Сильная пурга разыгралась этим февральским вечером в Манхэттене. Густые белые хлопья походили на куски штукатурки, оторванные сильным ветром от небоскребов. Они блистали, как многоцветные конфетти в праздничной иллюминации Пятой авеню. Они слетали стайками на Центральный парк и усаживались на деревья вместе с черными галками - это черно-белое сочетание кое о чем напоминало Марио...

Он стоял у окна в шикарной резиденции, которую его отец держал уже много лет в роскошном, похожем на музей отеле «Плаза», и обдумывал свое двухмесячное американское прошлое. Оно было богатым, но беспозвоночным: как праздная, привилегированная медуза на спине отцовского океана, он совершал ежедневно свою безмятежную одиссею по фантасмагорическим плейбойским местам.

После фейерверков встречи в аэропорту Кеннеди и волнующей церемонии официального признания отец опять ударился в свои нескончаемые путешествия. Но звонил каждый день и всегда приглашал на уик-энд в города, где сам в тот момент находился. Так Марио узнал Флориду, Чикаго, Лос-Анджелес и заодно кучу подробностей из прошлого отца, который становился очень разговорчивым, когда бывал в настроении.

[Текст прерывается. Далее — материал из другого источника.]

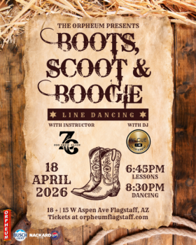 The Orpheum Presents Boots, Scoot & Boogie - A Night of Line Dancing and Country Music Favorites with ZooCrew Dance and N'Cue Entertainment at The Orpheum Theater in downtown Flagstaff, AZ!

Взаимное душевное картографирование на этих встречах умножало мосты контакта. Отец говорил ему о своих мучениях в немецком лагере, о послевоенной эмиграции в Америку, о бедной, полной в первое время лишений жизни, которая стала своеобразной прихожей успеха для многих таких же, как он. Два раза выгодно женившись, он имел трех сыновей - Карло, Энрико и Витторио, погибших в автомобильных катастрофах. Но лишь Марио, потерянный ребенок первой любви, всегда занимал первое место в тайнике его сердца. Последнее утверждение делало сомнения Марио еще более мучительными: почему только сейчас, спустя тридцать лет, отец вспомнил о нем, признал, взял к себе? Однако тот не торопился перекинуть своим решительным ответом мост через глубокую душевную пропасть, которая угрожающе зияла между ними. Под целым рядом предлогов он избегал говорить об этом.

- Похоже, ты не готов разрешить одно мое сомнение, - бросил наконец вызов Марио, потерявший терпение.

- Пожалуй, это ты еще не готов меня выслушать.

- Что ты имеешь в виду?

- Тебе нужно как следует узнать правила игры по-американски, чтобы справедливо судить обо мне. Иначе можешь оказаться несправедлив и в отношении меня, и в отношении самого себя.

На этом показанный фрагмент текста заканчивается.